The Affordable Care Act (ACA) mandates comprehensive health care coverage, including some forms of birth control. In 2014, in Burwell v. Hobby Lobby Stores, the Supreme Court granted a strengthened religious exclusion for private companies that objected to the ACA’s coverage of birth control. In Zubik v. Burwell, currently before the Supreme Court, the Zubik/Pittsburgh Catholic Diocese claims the government accommodation imposes a significant burden on its religious exercise--even though the Diocese's employees will not receive contraception reimbursement--because the Diocese has chosen to operate an insurance trust, the Catholic Benefits Trust, which offers insurance plans that other employers may use. An evenly split decision in Zubik is likely to leave the high court's most recent ruling, which allows for a religious accommodation to the mandate, without taking it further.

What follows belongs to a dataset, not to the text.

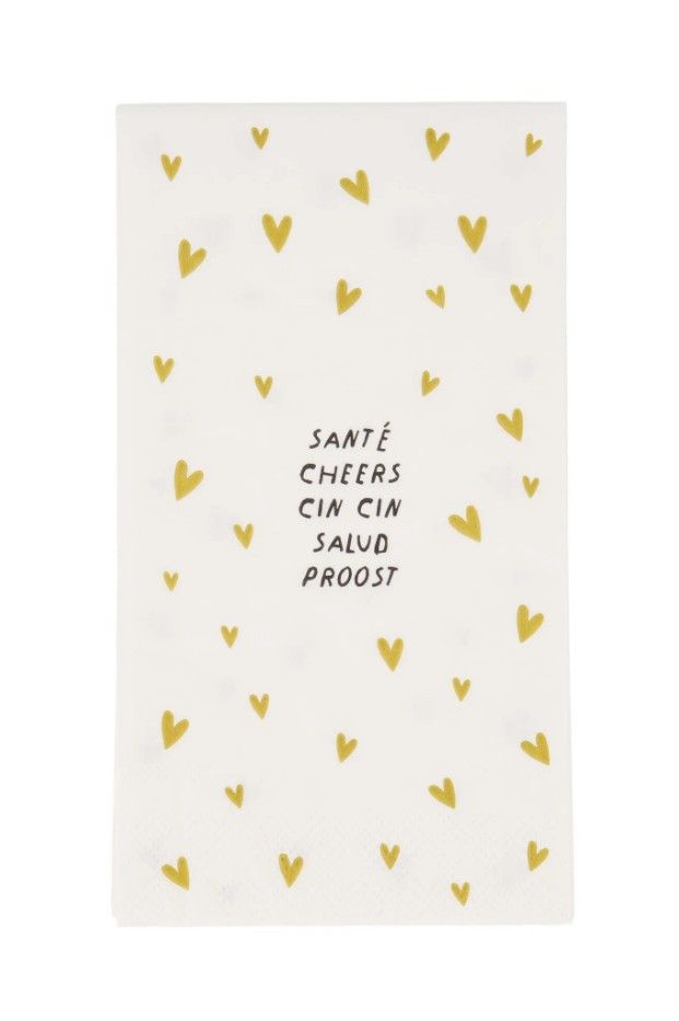 Deze witte servetten voorzien van het woord santé in verschillende talen en gouden hartjes.

The big labor case this term is Friedrichs vs. California Teachers Association. The case hinges on whether public employees at a California union can refuse, on First Amendment grounds, to pay fees for collective bargaining. Lower courts upheld previous case law that allowed public unions to do so. Scalia showed initial antipathy to such protections and, until his death, many thought the Supreme Court would side with the employee plaintiffs. Now, the opposite is true.
The split court will let lower court judgement stands, which is a win for unions. This could filter into the private sector, and affect small business labor relations, especially in “right to work” states.

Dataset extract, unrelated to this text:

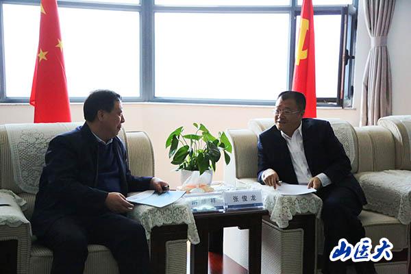張俊龍書記對省衛生計生委領導對我校的關心、支持表示感謝,他表示要盡快將雙方合作事項做實落地,要著眼高起點,培養更高層次的人才,產出更多的科研創新成果,服務山西人民的衛生與健康事業。

The U.S. government is the largest supplier to small businesses in the U.S., dishing up hundreds of billions of dollars worth of contracts each year. In recent years, various federal agencies have strengthened efforts to award more contracts to economically disadvantaged businesses, including veteran-owned companies.
In Kingdomware Technologies, Inc. v. United States, the Supreme Court is to decide whether the Federal Circuit erred in construing a code’s mandatory set-aside restricting competition for Department of Veterans Affairs' contracts to veteran-owned small businesses as discretionary. Kingdomware is a firm based in Waldorf, MD that provides government and private customers with a range of information technology services. It is owned by an Army veteran who is disabled from wounds suffered during Operation Desert Storm. The firm has been carrying on a running legal battle with the Veterans Administration, claiming that the VA is failing to carry out its obligations to veteran-owned contractors by awarding contracts to non-veteran-owned businesses.

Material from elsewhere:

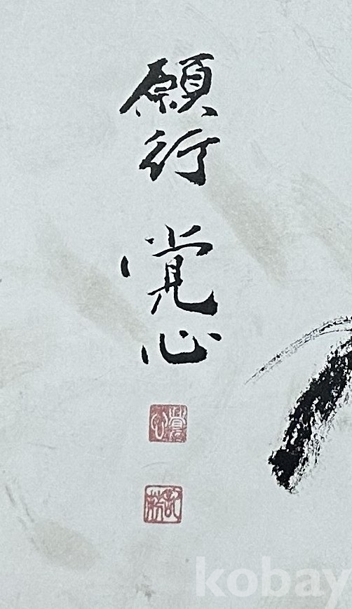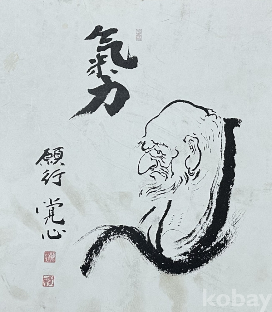 묵직한 선과 기운 있는 필치로 그려낸 이 달마도는 불교 선종의 시조 보리달마를 상징적으로 표현한 작품으로, 단순한 인물화를 넘어 정신성과 수행의 철학을 함께 담고 있습니다. 흐르듯 이어지는 검은 선은 달마의 도포를 상징하며, 날카롭고 깊게 패인 이목구비에는 생의 통찰과 고요한 지혜가 깃들어 있습니다. 그림 왼편에 쓰인 ’기력(氣力)’이라는 글씨는 정신적 활력과 강한 내면의 힘을 의미하며, 아래쪽의 ’경행각심(傾行覺心)’은 몸을 기울여 수행하며 마음을 깨우친다는 의미로, 불교 수행자의 자세를 상징적으로 보여줍니다. 화면에는 두 개의 낙관이 함께 찍혀 있으며, 수묵의 농담과 여백의 조화 속에서 진중한 기운이 절제되어 흐르고 있어 전통 달마도의 미감을 잘 간직한 수작입니다. 소형 사이즈로 부담 없이 감상할 수 있는 크기이면서도, 작품이 전하는 상징성과 에너지는 결코 작지 않으며, 공간에 기운과 의미를 더해주는 동양화로서 추천할 만한 작품입니다.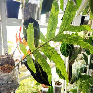 3月24日に福岡蘭展でタイのお店の方から購入の斑入りのドリナリアです🪴 村長が成長遅いよ〜と言われていたので斑入りですし覚悟して育てていました😅 元々の葉は環境が変わるので枯れるだろうなと思っていましたが、葉先は枯れつつ元気に育っています🌿 水苔は湿度を保つのにラップ管理していたのですが、昨日水やりの時にラップを外して見ると下から新芽が出てました🌱 凄く嬉しかったです! 新芽に掛からないように新しいラップを巻き直しました🪴 間延びして、新芽の葉が小さくなり出したボルシギアナをカットしました✂️ 下葉を3枚カットして幹もバッサリカットしたので、親株は幹だけ状態です🪴 切った天芽は水挿し管理です🌿 何だかんだで我が家は水挿しが1番早く根っこが出てくれる気がします🪴 こちらのボルシギアナ毎回とても綺麗な散り斑で、水挿しで開いた新芽もホワイトモンスター並みに綺麗です✨ 最近アロカシアに花芽がよく付きます🌼 今回はスカルプラムに出来ていました! お花を咲かせると体力を使うみたいなのですが、 こちらは1個だけなので咲いたのを見たらカットしようかと思っています✂️

This case gets to the heart of what are often called set-asides in government contracting for small business. A split court might leave unsettled questions of how contracts are offered.
The biggest case of this term is Texas v. United States, in which the state is challenging an executive order by President Obama to give legal status to approximately 11 million undocumented immigrants who reside in the U.S.. (Texas and 25 other states immediately sued to overturn the order.) Last May, the U.S. Court of Appeals for the 5th Circuit sided with the states, and issued an injunction against Obama’s executive order. The case then went to the Supreme Court on appeal.
The outcome of Texas v. United States has enormous implications for industries like agriculture and construction, which tend to draw heavily on immigrant labor. The deadlocked Supreme Court means the injunction remains in place and the case will potentially be sent back to the lower courts for further argument. Companies seeking to pull from this pool of workers will have to wait.
Until our next justice is confirmed, the Supreme Court is literally deadlocked. My guess is that the selection process is going to be long, filled with political infighting, but will be followed by a busy time of decision making at the Court once that ninth justice is in place. Keep your eyes on these important cases and how they impact your business. Things may change quickly.